All of the data below should be set down again verbatim, without any images.

---- Dataset extract

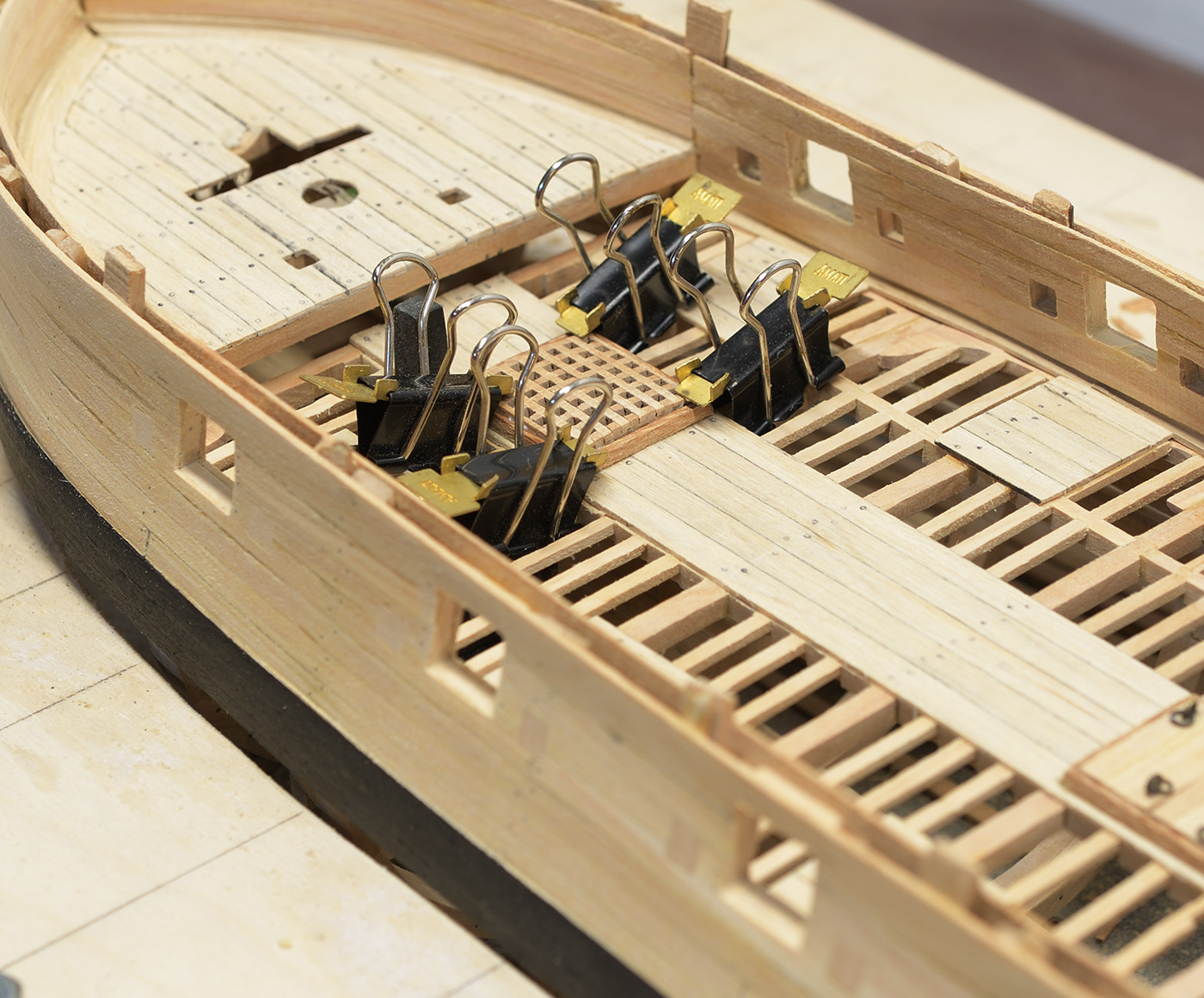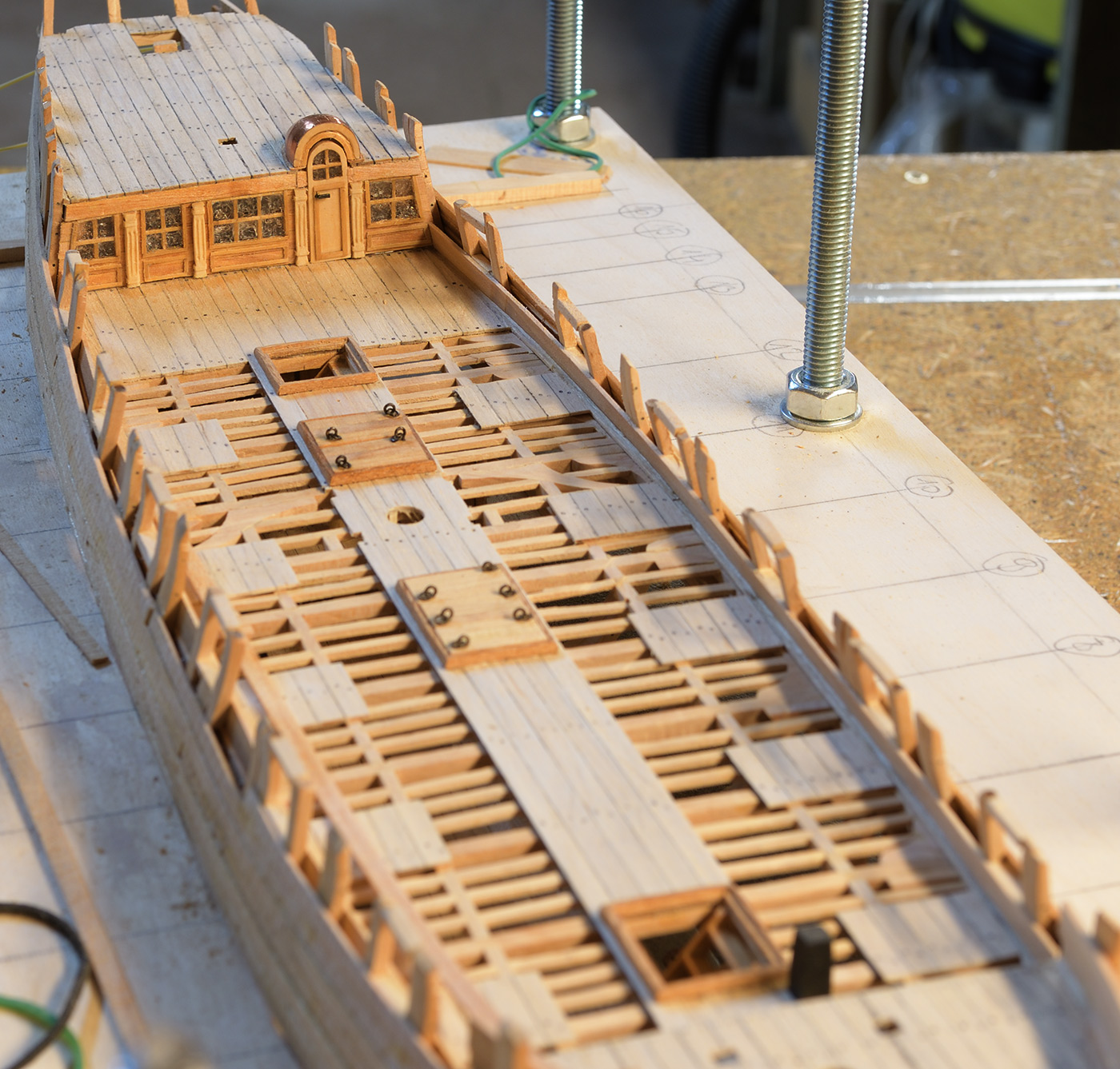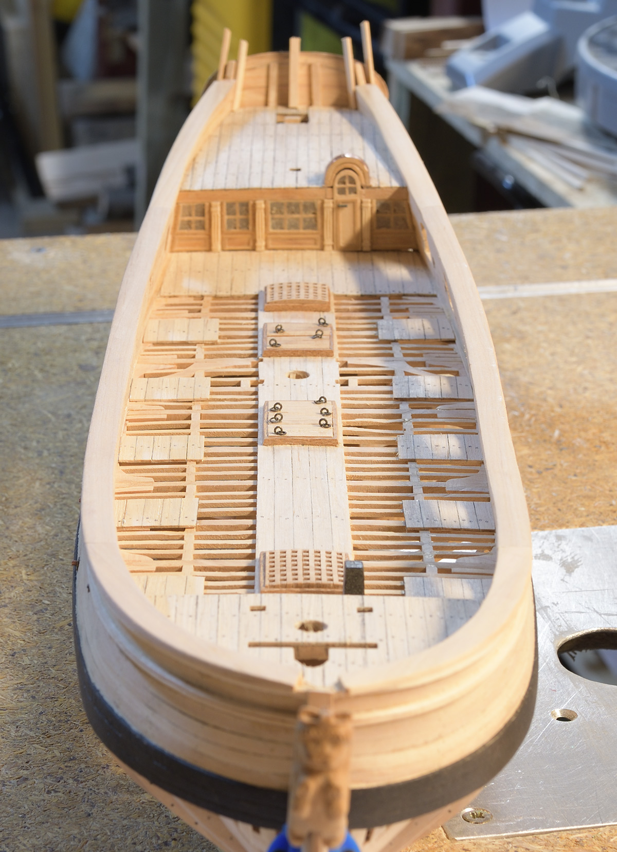 Pokładniki wyszły Ci zawodowo, wszystko dokładnie spasowane. Jeśli chodzi o szyby, to ja też dużo testowałem. Kupiłem nawet jakieś dwuskładnikowe szkło w płynie, ale po wykonaniu próbki, czekałem tydzień aż się utwardzi i niestety się nie utwardziło. Producent pisze że proporcja musi być bardzo dokładna, to chyba trzeba by było mieć wagę na mikrogramy :-) Potem użyłem szkła w płynie (budowlanego), stwardniało bardzo fajnie, było super transparentne, ale też super kruche. Skończyło się na podklejeniu okien od wewnętrznej strony galerii rufowej plastikiem z okładki do bindownicy. Powiem, że wygląda to bardzo fajnie. Bałem się, że będzie to widoczne od wewnątrz, ale nie widać tego zupełnie. Szklenie drzwi w ściankach pod forecastle, robiłem też z tej folii, ale szprosy dawałem po obu stronach.
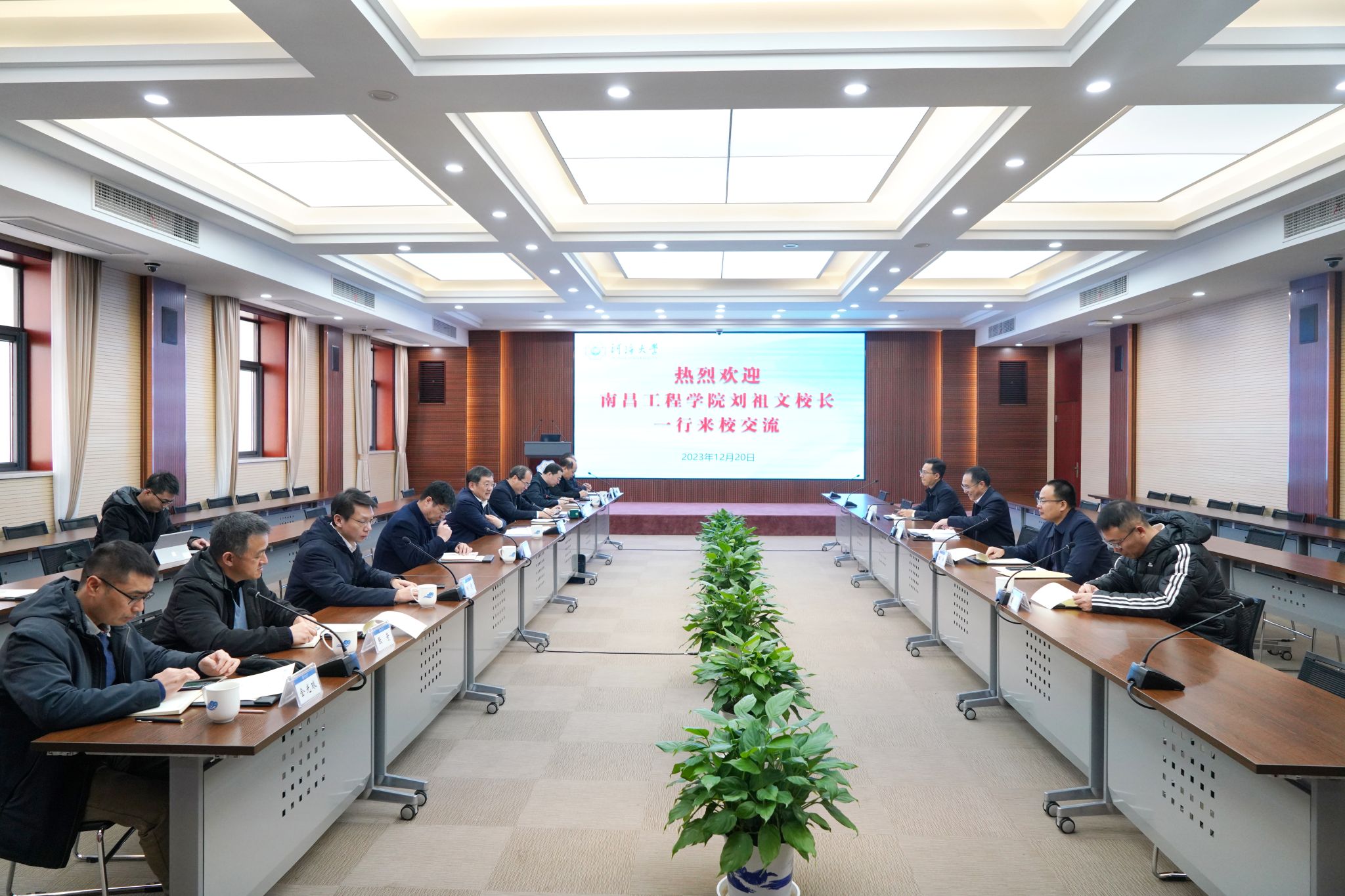 12月20日,刘祖文一行赴河海大学调研交流,河海大学党委书记唐洪武院士、副校长郑金海参加座谈。刘祖文代表学校对河海大学长期以来的支持和帮助表示感谢,并详细介绍双方共建科研平台的推进情况、存在困难和下一步打算,希望双方共同发力、整合资源,大力推进科研平台建设,为高层次人才培养、重大项目研发、联合科技攻关、社会服务等领域的合作提供载体支撑。唐洪武院士对刘祖文一行表示欢迎,并从机构设置、队伍组建、研究方向、保障机制等方面提出共建科研平台的具体举措,希望双方各自发挥资源优势和学科优势,围绕国家重大战略和江西水利行业发展需求,大力拓展人才培养、科研平台、科研项目、团队建设等领域的合作,共同服务国家经济社会发展。双方还就高层次人才交流、干部挂职培养等问题进行研讨。
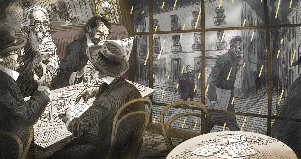 El mesero que nos atiende, curioso, dilata su quehacer queriendo alcanzar el desenlace. Al resto de los sabios presentes ya se les advierte una ansiedad creciente por conocer el fin de la historia. A mí, ni que decirlo.
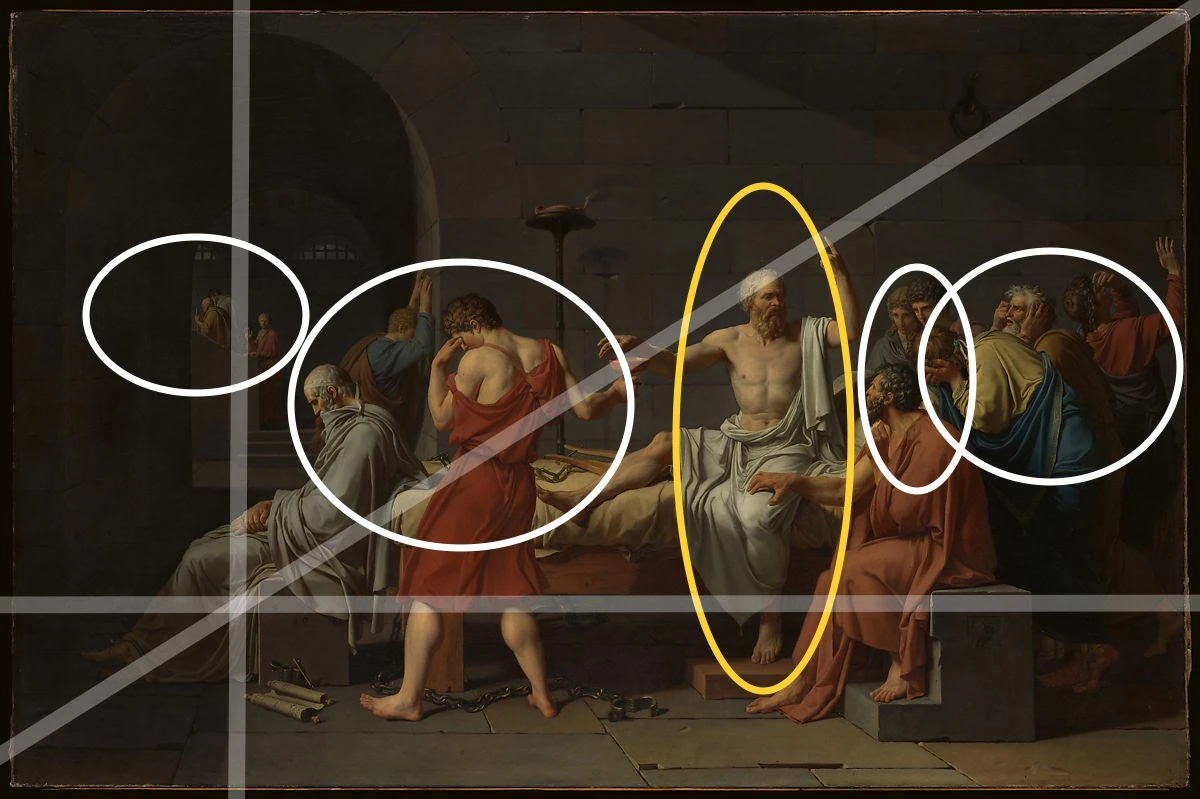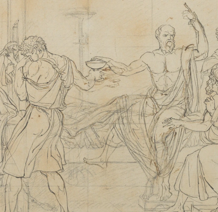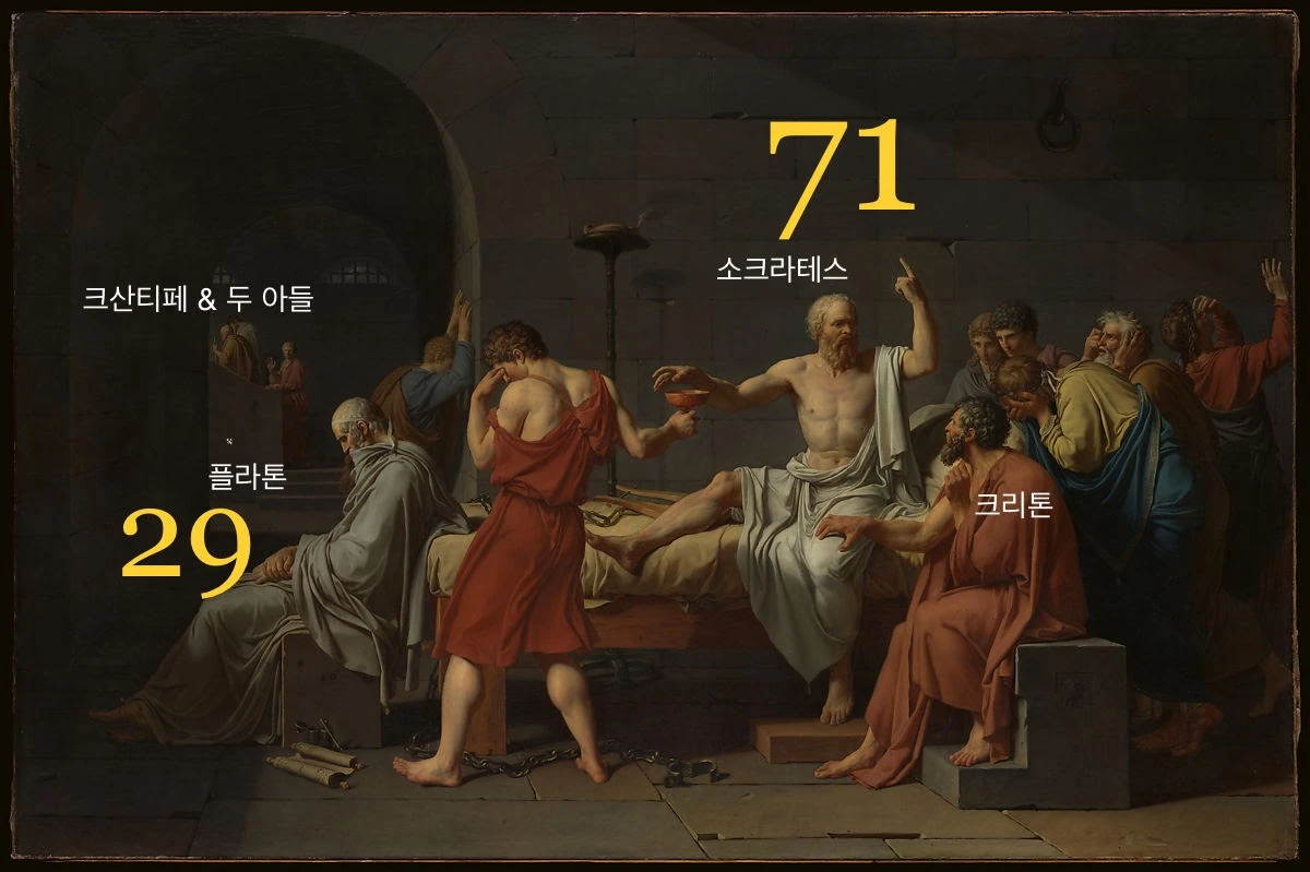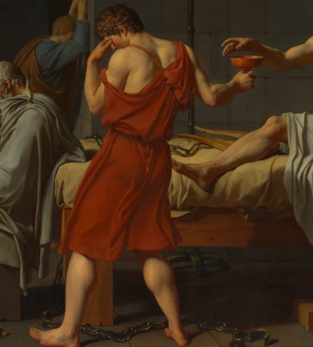 소크라테스에게 독이든 햄록 잔을 건네는 이는 보통 간수가 그 역할을 하는데 이 그림에서는 잔을 건네며 너무 슬퍼하고 있는 것으로 보아 간수가 직접 행하지 않고 간수에게 잔을 전해 받은 그의 제자가 마지못해 건네고 있는 것으로 보기도 한다. 햄록 잔의 붉은색과 잔을 건네는 제자의 붉은색 로브를 맞추어 독이라는 강한 이미지를 그림 전체 안에 전달해 주고 있다. 어마어마한 디테일의 대가이구나!

--------

> _Problem solution_
 Pokładniki wyszły Ci zawodowo, wszystko dokładnie spasowane. Jeśli chodzi o szyby, to ja też dużo testowałem. Kupiłem nawet jakieś dwuskładnikowe szkło w płynie, ale po wykonaniu próbki, czekałem tydzień aż się utwardzi i niestety się nie utwardziło. Producent pisze że proporcja musi być bardzo dokładna, to chyba trzeba by było mieć wagę na mikrogramy :-) Potem użyłem szkła w płynie (budowlanego), stwardniało bardzo fajnie, było super transparentne, ale też super kruche. Skończyło się na podklejeniu okien od wewnętrznej strony galerii rufowej plastikiem z okładki do bindownicy. Powiem, że wygląda to bardzo fajnie. Bałem się, że będzie to widoczne od wewnątrz, ale nie widać tego zupełnie. Szklenie drzwi w ściankach pod forecastle, robiłem też z tej folii, ale szprosy dawałem po obu stronach.
 12月20日,刘祖文一行赴河海大学调研交流,河海大学党委书记唐洪武院士、副校长郑金海参加座谈。刘祖文代表学校对河海大学长期以来的支持和帮助表示感谢,并详细介绍双方共建科研平台的推进情况、存在困难和下一步打算,希望双方共同发力、整合资源,大力推进科研平台建设,为高层次人才培养、重大项目研发、联合科技攻关、社会服务等领域的合作提供载体支撑。唐洪武院士对刘祖文一行表示欢迎,并从机构设置、队伍组建、研究方向、保障机制等方面提出共建科研平台的具体举措,希望双方各自发挥资源优势和学科优势,围绕国家重大战略和江西水利行业发展需求,大力拓展人才培养、科研平台、科研项目、团队建设等领域的合作,共同服务国家经济社会发展。双方还就高层次人才交流、干部挂职培养等问题进行研讨。
 El mesero que nos atiende, curioso, dilata su quehacer queriendo alcanzar el desenlace. Al resto de los sabios presentes ya se les advierte una ansiedad creciente por conocer el fin de la historia. A mí, ni que decirlo.
 소크라테스에게 독이든 햄록 잔을 건네는 이는 보통 간수가 그 역할을 하는데 이 그림에서는 잔을 건네며 너무 슬퍼하고 있는 것으로 보아 간수가 직접 행하지 않고 간수에게 잔을 전해 받은 그의 제자가 마지못해 건네고 있는 것으로 보기도 한다. 햄록 잔의 붉은색과 잔을 건네는 제자의 붉은색 로브를 맞추어 독이라는 강한 이미지를 그림 전체 안에 전달해 주고 있다. 어마어마한 디테일의 대가이구나!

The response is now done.